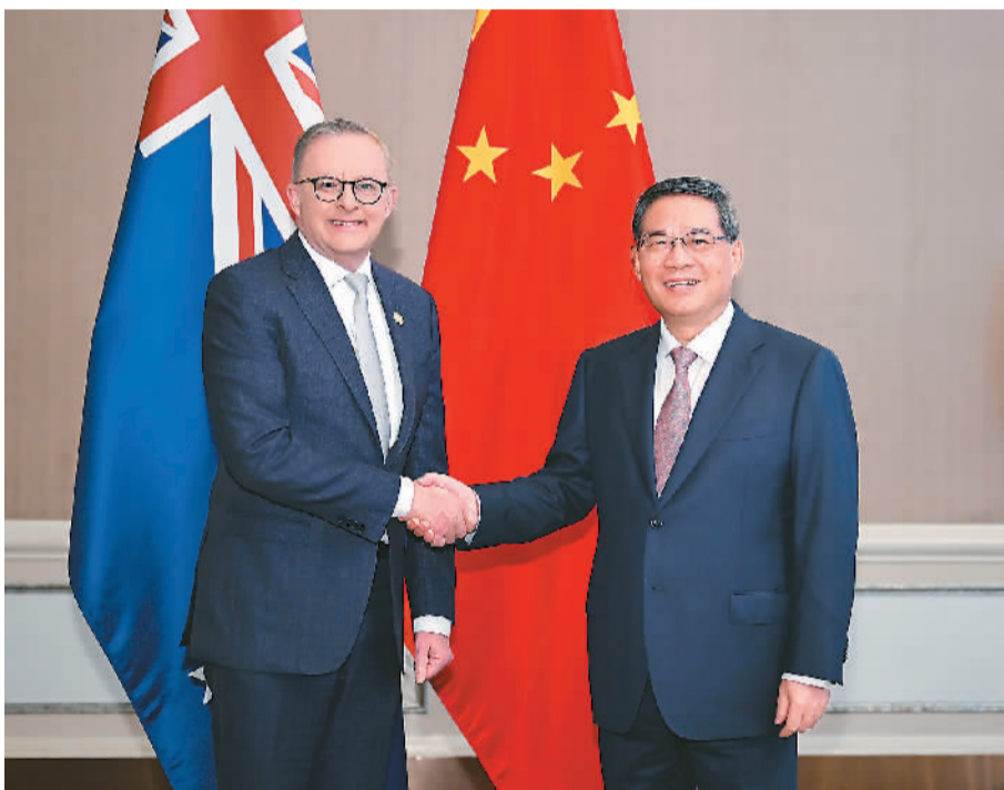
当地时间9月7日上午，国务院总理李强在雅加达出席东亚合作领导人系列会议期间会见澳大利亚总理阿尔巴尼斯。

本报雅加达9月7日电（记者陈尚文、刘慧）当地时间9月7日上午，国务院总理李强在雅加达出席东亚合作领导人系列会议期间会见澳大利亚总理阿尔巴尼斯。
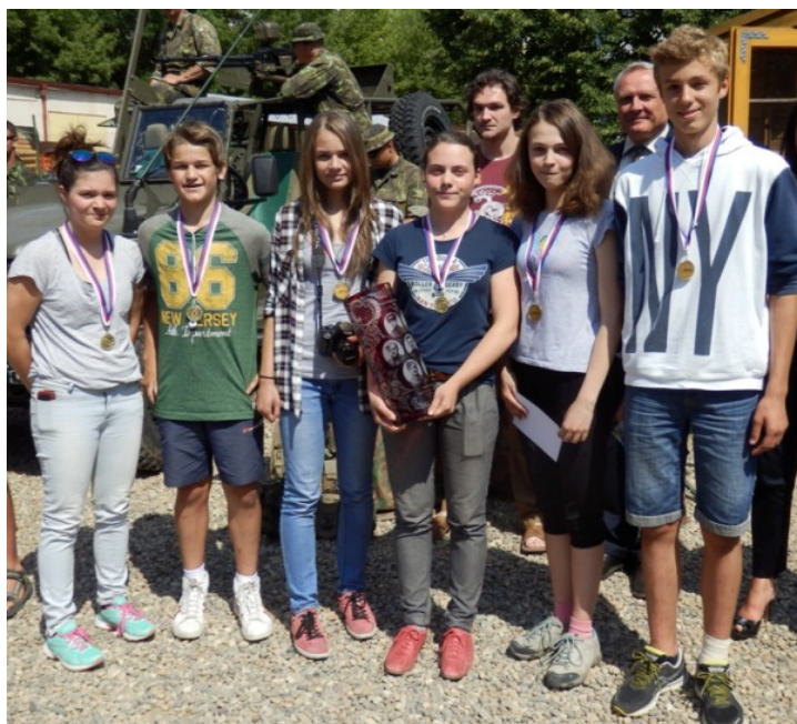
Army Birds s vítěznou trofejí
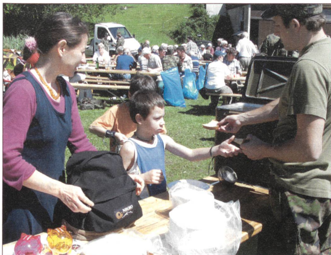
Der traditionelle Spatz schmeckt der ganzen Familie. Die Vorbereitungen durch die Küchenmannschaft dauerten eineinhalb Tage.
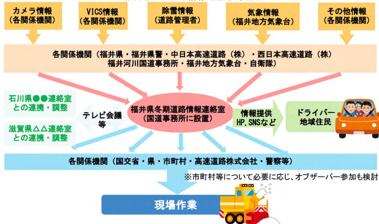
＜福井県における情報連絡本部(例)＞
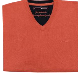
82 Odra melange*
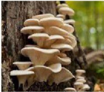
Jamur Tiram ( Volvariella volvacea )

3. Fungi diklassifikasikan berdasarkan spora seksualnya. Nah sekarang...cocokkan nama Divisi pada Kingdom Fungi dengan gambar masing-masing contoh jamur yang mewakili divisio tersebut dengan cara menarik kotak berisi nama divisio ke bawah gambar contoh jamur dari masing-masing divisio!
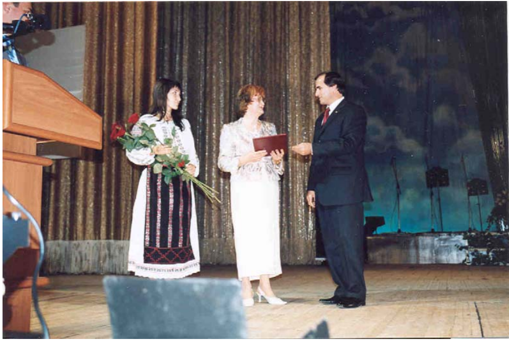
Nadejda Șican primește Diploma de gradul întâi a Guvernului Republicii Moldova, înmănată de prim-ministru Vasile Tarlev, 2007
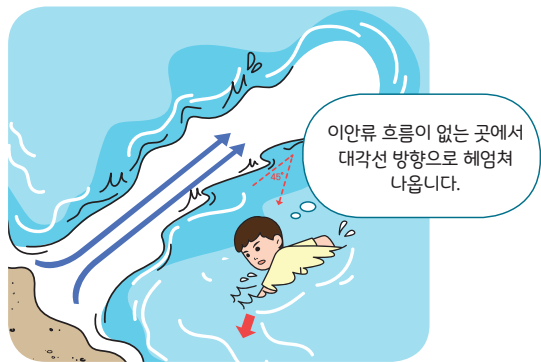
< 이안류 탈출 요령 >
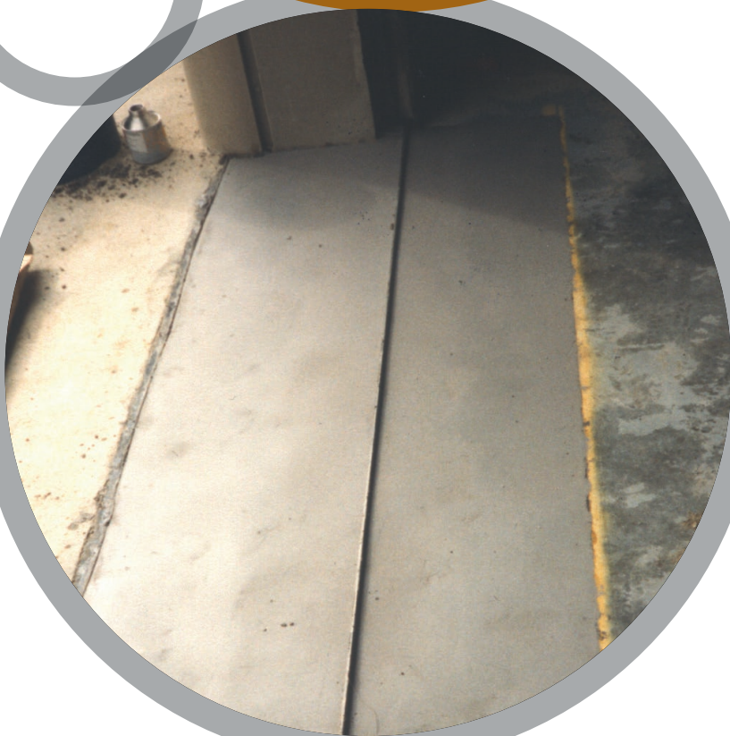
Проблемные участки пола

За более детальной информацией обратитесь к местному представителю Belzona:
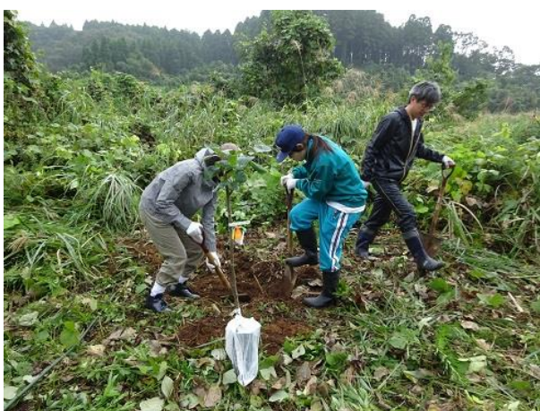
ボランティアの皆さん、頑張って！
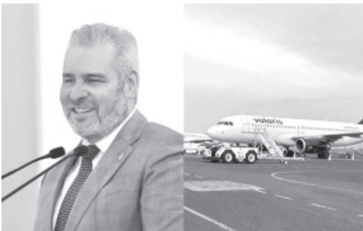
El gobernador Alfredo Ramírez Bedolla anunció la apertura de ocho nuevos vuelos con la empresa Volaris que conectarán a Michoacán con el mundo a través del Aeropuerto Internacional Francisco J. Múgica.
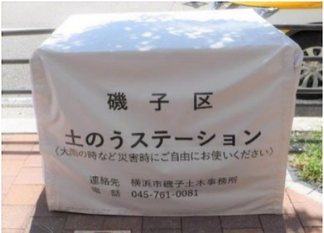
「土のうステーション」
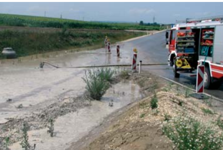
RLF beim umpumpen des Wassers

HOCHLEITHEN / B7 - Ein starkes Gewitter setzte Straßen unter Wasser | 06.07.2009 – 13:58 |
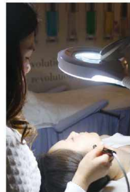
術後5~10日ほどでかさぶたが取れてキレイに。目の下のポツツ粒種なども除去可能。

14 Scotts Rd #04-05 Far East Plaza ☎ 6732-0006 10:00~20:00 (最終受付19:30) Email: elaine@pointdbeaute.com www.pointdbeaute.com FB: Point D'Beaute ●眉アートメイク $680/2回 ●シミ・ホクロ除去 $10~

## What you should do
Retype each line of the data exactly, beginning with the first; include the line containing "Jamur Tiram ( Volvariella volvacea )" and stop there, skipping every picture.

## Problem solution
当地时间9月7日上午，国务院总理李强在雅加达出席东亚合作领导人系列会议期间会见澳大利亚总理阿尔巴尼斯。

本报雅加达9月7日电（记者陈尚文、刘慧）当地时间9月7日上午，国务院总理李强在雅加达出席东亚合作领导人系列会议期间会见澳大利亚总理阿尔巴尼斯。
Army Birds s vítěznou trofejí
Der traditionelle Spatz schmeckt der ganzen Familie. Die Vorbereitungen durch die Küchenmannschaft dauerten eineinhalb Tage.
＜福井県における情報連絡本部(例)＞
82 Odra melange*
Jamur Tiram ( Volvariella volvacea )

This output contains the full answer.